I’m embarrassed to say I chose the latter. When I later relayed all this to my husband, he shrugged it off, saying Holly needed to toughen up and that Emily was a born leader.

It was then that I came up with a ridiculous plan to try to bring out a kinder, more nurturing side to my daughter: I bought her a puppy (which she showed little interest in, and has been my responsibility ever since).

I believe that had I tried harder, Angela and I might have salvaged our friendship. And perhaps Emily wouldn’t be so awful now. I can only imagine how much the fact that Emily and Holly remain friends to this day must stick in Angela’s craw.

Emily is far from being all bad. She’s funny, witty, full of energy and fantastic company. Most of the time I feel great warmth and affection towards her.

We snuggle on the sofa watching TV together; we enjoy going to the cinema and I feel so proud when I’m out with her because I know other people will look over and think ‘what a beautiful girl’.

But I’m also constantly treading on eggshells in case I say something to upset her – and have to put up with days of her being in a mood with me.

That is where her power lies.

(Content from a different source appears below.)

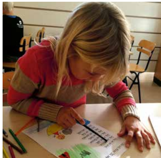
När texten skrivits klart ritar eleverna en bild och läser sin text högt för läraren.

– Vi strävar efter att alla ska uppleva att de lyckas. För oss är en god självbild och en god självkänsla den mest betydelsefulla och avgörande faktorn för den fortsatta läs- och skrivutvecklingen.

I had thought things might change when they all went to secondary school, where other strong characters might give Emily a taste of her own medicine.

But no, her clique just seemed to get bigger. I comfort myself that at least now she’s at university, I’m unlikely to hear about how mean she is to the next lot of girls to get pulled into her orbit.

But I do have to live with knowing I failed in one important respect as a parent; I raised a mean girl who makes others’ lives miserable.